DATASET ENTRIES:
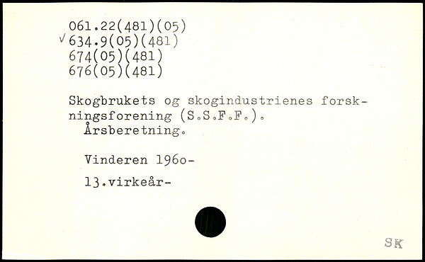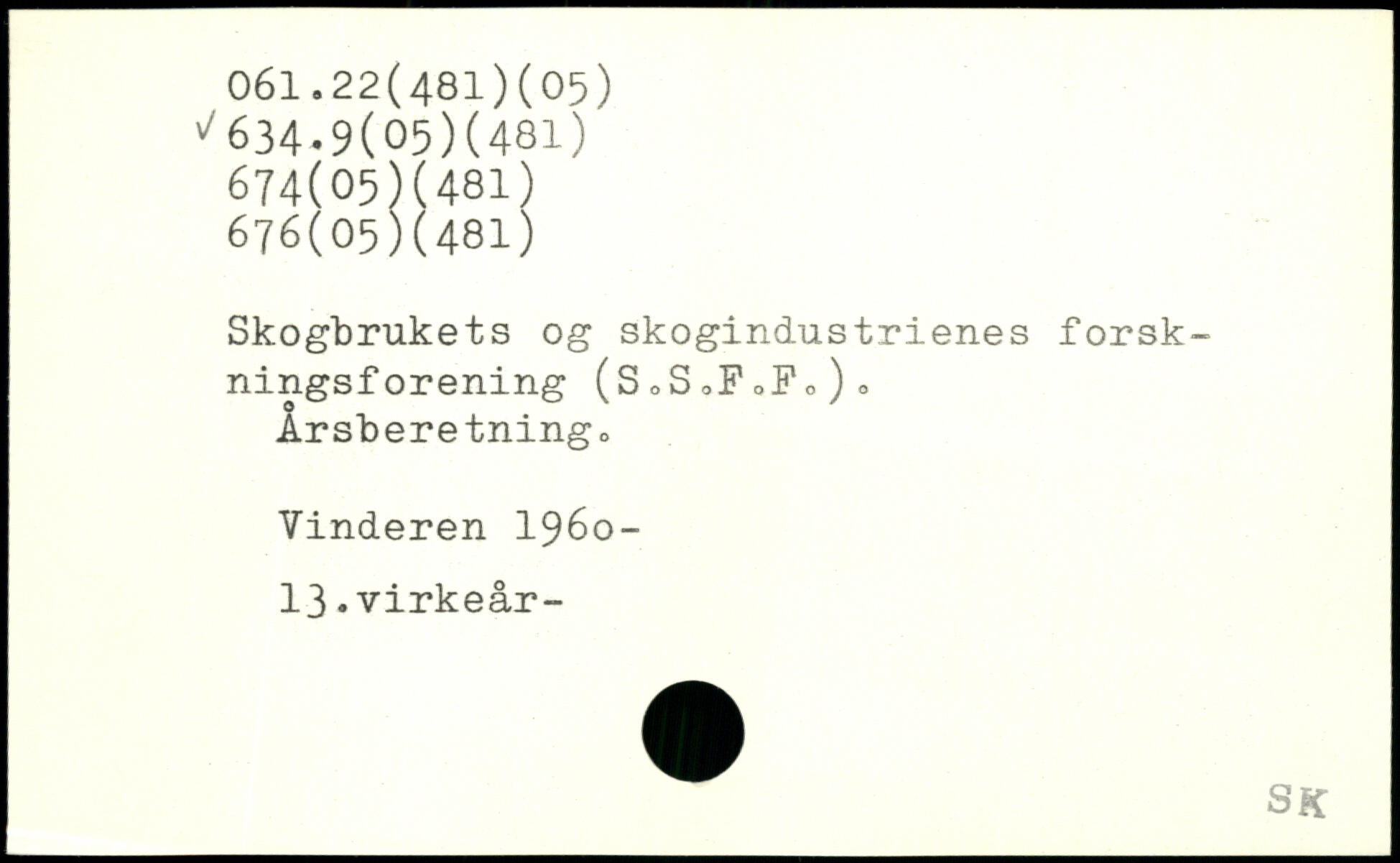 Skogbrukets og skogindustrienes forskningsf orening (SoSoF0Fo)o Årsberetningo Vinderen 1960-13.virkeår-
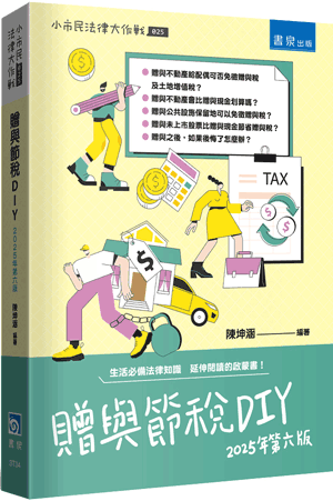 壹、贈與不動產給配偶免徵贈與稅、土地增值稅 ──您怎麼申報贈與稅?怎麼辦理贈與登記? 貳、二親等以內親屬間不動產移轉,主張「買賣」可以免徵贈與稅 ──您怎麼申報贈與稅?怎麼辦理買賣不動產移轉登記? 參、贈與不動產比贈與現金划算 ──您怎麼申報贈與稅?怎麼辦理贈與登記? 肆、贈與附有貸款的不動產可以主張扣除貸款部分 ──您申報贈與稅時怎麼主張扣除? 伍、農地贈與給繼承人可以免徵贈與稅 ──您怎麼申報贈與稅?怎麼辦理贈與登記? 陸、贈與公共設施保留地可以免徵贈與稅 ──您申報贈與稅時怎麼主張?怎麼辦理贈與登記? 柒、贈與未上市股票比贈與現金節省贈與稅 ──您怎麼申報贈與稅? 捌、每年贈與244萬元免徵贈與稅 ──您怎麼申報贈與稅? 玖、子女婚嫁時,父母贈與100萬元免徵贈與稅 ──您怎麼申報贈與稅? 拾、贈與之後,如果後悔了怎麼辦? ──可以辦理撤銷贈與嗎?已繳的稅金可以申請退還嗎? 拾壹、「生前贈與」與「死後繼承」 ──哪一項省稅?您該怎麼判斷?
--
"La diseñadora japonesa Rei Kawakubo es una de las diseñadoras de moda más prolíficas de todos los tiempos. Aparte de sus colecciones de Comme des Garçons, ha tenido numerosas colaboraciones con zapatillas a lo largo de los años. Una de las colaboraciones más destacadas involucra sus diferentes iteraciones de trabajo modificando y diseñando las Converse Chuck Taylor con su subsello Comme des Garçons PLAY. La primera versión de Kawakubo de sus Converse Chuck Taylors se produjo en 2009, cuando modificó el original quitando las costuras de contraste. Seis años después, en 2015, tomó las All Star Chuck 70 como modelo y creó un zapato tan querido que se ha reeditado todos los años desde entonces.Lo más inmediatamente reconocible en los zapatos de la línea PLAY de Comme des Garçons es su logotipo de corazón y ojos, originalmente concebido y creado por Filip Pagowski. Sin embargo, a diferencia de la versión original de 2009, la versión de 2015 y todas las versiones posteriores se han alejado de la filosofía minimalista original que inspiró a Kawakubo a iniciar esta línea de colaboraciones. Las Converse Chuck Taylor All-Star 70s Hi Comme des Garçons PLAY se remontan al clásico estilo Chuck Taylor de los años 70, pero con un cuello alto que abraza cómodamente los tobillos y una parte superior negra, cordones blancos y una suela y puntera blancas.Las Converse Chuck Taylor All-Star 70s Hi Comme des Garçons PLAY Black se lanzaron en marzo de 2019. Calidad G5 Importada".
---
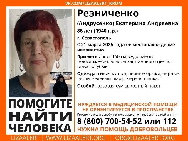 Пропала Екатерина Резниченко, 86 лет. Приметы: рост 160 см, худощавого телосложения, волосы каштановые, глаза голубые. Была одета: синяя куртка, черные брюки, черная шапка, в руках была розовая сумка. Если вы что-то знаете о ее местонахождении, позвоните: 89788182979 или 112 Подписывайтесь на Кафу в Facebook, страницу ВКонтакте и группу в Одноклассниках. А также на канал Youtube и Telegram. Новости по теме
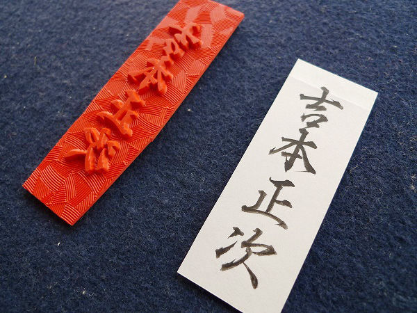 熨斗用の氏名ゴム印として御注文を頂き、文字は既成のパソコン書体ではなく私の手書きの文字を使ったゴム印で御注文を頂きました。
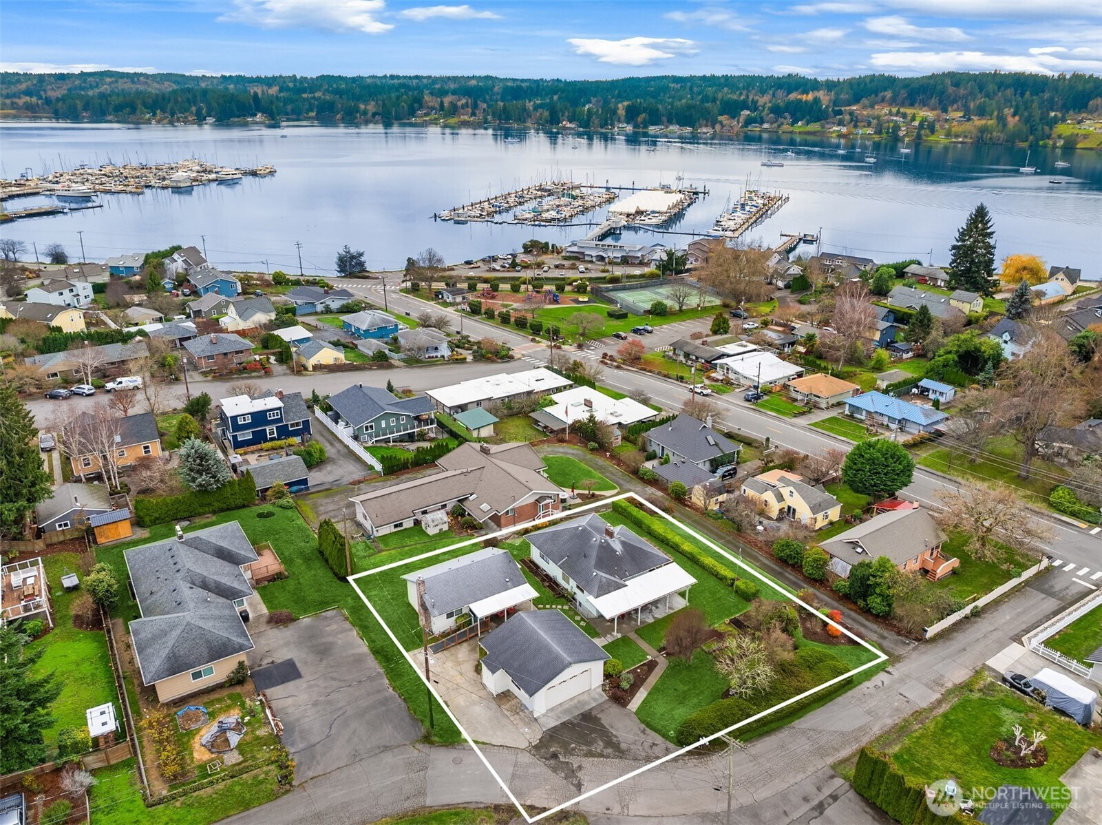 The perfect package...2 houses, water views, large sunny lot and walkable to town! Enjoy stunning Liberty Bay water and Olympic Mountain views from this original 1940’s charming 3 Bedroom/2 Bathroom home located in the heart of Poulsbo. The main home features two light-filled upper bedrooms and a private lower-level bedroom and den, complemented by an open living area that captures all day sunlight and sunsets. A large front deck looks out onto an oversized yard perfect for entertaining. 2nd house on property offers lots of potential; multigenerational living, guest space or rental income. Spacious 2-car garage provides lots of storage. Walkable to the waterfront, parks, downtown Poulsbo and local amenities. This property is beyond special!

EXERCISE REQUIREMENTS:
Pictures excluded, transcribe the listing above exactly from the line with "熨斗用の氏名ゴム印として御注" through the line with "The perfect package...2", and no further.

TASK OUTPUT:
 熨斗用の氏名ゴム印として御注文を頂き、文字は既成のパソコン書体ではなく私の手書きの文字を使ったゴム印で御注文を頂きました。
 The perfect package...2 houses, water views, large sunny lot and walkable to town! Enjoy stunning Liberty Bay water and Olympic Mountain views from this original 1940’s charming 3 Bedroom/2 Bathroom home located in the heart of Poulsbo. The main home features two light-filled upper bedrooms and a private lower-level bedroom and den, complemented by an open living area that captures all day sunlight and sunsets. A large front deck looks out onto an oversized yard perfect for entertaining. 2nd house on property offers lots of potential; multigenerational living, guest space or rental income. Spacious 2-car garage provides lots of storage. Walkable to the waterfront, parks, downtown Poulsbo and local amenities. This property is beyond special!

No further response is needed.